I'm fascinated by a relatively new game called Blokus. There are some strategy tips provided on the instruction sheet and on the Blokus web site (where you can also play online), but I've been thinking about it so much I thought I'd take a shot at an approach of my own.

Wikipedia, of course, has a good article on the game too.

The Game

The object of Blokus is to place 21 pieces onto a 20 by 20 board (400 positions) such that one is left with as few piece squares as possible. Each piece is comprised of one to five squares in various geometries. There are four sets of pieces and two to four players play at a time, but all four sets of pieces are always used, e.g. if two players are playing each player plays two colors at a time. The catch is that the pieces you lay down on the board can only touch at the corners as opposed to on an edge. Also, the first move a player makes must cover one of the boards four corners. One gains extra points for playing all their pieces and an extra bonus if the last piece played is the piece with only one square.

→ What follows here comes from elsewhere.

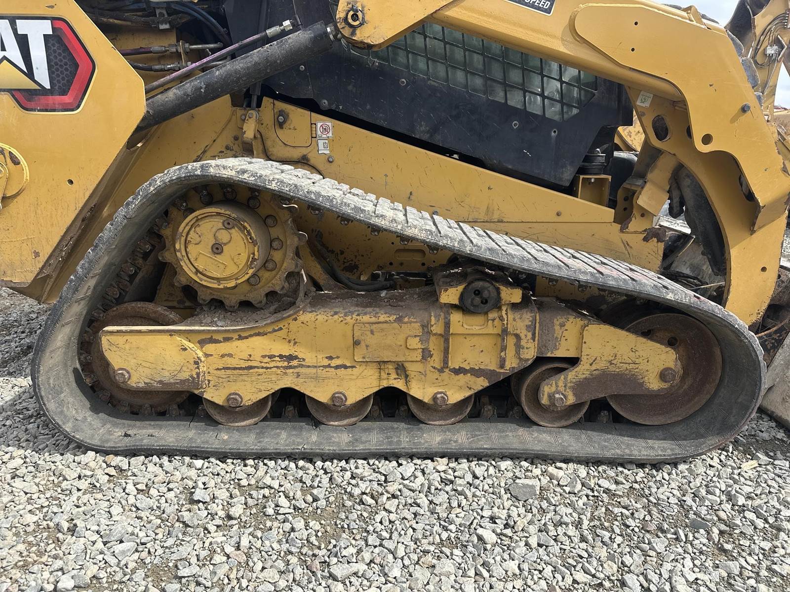 Caterpillar C3.3 Turbo Diesel Engine, Two Speed, Approx 72" Bucket Width, Hydraulic Quick Attach, Front Auxiliary Hydraulics, EROPS, Joystick Controls, Heat, A/C, Radio, Heated/Air Ride Seat, Approx 16" Rubber Tracks

I've played several games so far and it much more complex than it seems on the surface. You can play it online or pick up a physical game. Either way I would encourage you to check it out. I took it into The Daily Dose and played with John Flowers and some other patrons. It generated interest in all that played.

Blokus Ref

Observations

Obviously, not all pieces are equal. Area is a major factor since one wants to minimize the piece squares not placed by the end of the game. However, another factor that needs to be considered are the number of corners. Since connections can only be made at the useable corners, pieces with many corners create more opportunities to lay out down other pieces.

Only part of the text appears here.